Can Congress Muster the Will to Compromise ... on Something?
As Congress heads off for August recess, the regular FY 15 appropriations process has stalled. Prospects can only be described as dim for action before the election. It is, of course, always possible that September will bring renewed interest in compromises. We know for sure that House Appropriations Chair Hal Rogers and Senate Appropriations Chair Barbara Mikulski will be trying hard to resuscitate the 12 regular appropriations bills that are in various stages of moving through Congress.However, it is time to start talking about short-term funding through a Continuing Resolution (CR) and its likely impact on FDA. Here are some of the basics:
- Level of the CR. The last few times, CRs have set funding at the level of the previous year. In this case, the FY 15 CR would set funding at the FY 14 levels. However, this is not automatic. There was a time when CRs might be set at the higher (or lower) of the House and Senate’s proposed levels for the new fiscal year. In the current political environment, it is also possible that some Members of Congress will advocate for the FY 14 funding levels minus some fixed percent. While the FY 14 level is the most likely, we will be keeping a close eye on what is being proposed.

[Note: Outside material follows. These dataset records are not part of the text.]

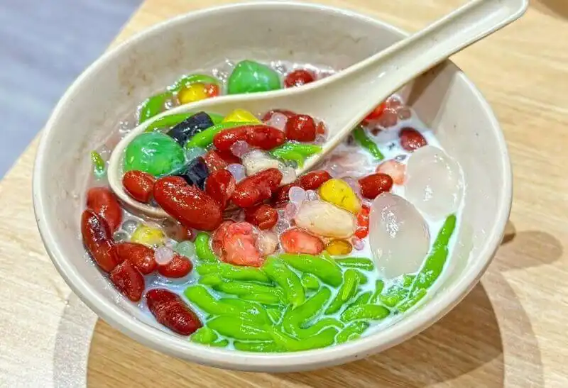 Chè tại đây có vị ngọt thanh, mát lành, không hề gắt cổ. Quán sử dụng hoàn toàn nguyên liệu tự nhiên: màu xanh từ lá dứa, màu đỏ từ củ dền. Món Chè thập cẩm là sự hòa quyện tuyệt vời của các loại đậu bùi bùi, thạch giòn dai và nước cốt dừa béo ngậy.
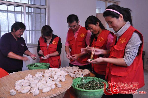 图7志愿者与敬老院工作人员一起为老人包饺子。
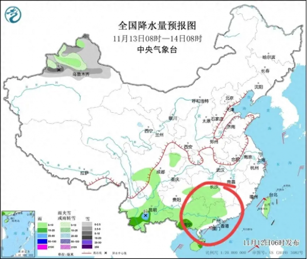 另外,需要注意的是,今明两天,广东省沿海海面、北部湾海面、南海中北部海面将迎来东北风,风力逐渐增大,最高可达7~8级,阵风更有可能达到9级。海面大风的出现可能对航行和渔业活动产生一定的影响,务必注意安全。
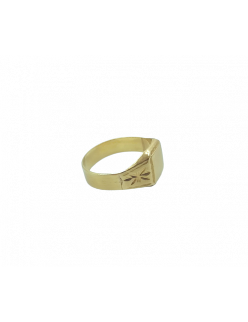 Sello de Comunión "Cub" realizado en Oro 18K. Cabeza cuadrada con labrado y tallado en estrella en los laterales. Se puede personalizar con las iniciales. Un recuerdo muy especial para un día único.
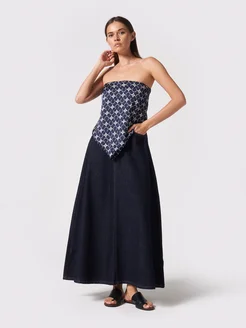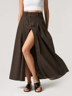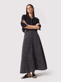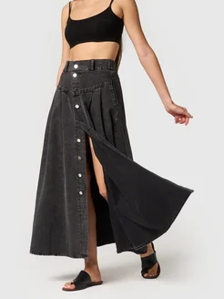 Джинсовая юбка длинная в пол на пуговицах спереди с разрезом

- Duration of the CR. A CR might only continue funding for a day or a week until an agreement is reached or it could fund the government for an entire fiscal year. Unless there is more brinksmanship on September 30 about shutting down the government, the CR is most likely to extend until mid-November or early December to allow time for Congress to return to DC after the election. They would then negotiate on appropriations bills, an omnibus bill or a CR. If it’s an omnibus bill, it will contain full appropriations bills for some parts of the government and a CR for the rest. If they are unable to agree during the lame duck session, then there would likely be a need for another CR, which would probably extend funding until February or March. In no case would we expect it to go past March 30, the end of the first half of the fiscal year.
- Limitations on New Starts. The “continuing” part of “continuing resolution” really does mean that agencies are supposed to continue their prior year programming and not engage in new starts. As a practical matter, there is considerable leeway in how this is interpreted for different agencies and different circumstances. However, OMB is far more likely to strictly interpret “no new starts” than it is to interpret it loosely.
- Need for Anomalies? Sometimes bad, unintended outcomes can result when a CR continues funding and limits new starts. For example, if Congress has not yet re-authorized a program that expires September 30, then it would get no funding under a CR. To remedy this, OMB will submit a list to Congress of so-called “anomalies” that must be addressed with legislative language (such as “notwithstanding the expiration of the authority for program X, it shall be funded at its prior year level under this CR”). The Hill often has its own list of anomalies and is not required to use the OMB list. As to FDA, it has not yet been established what, if any, anomalies FDA will need.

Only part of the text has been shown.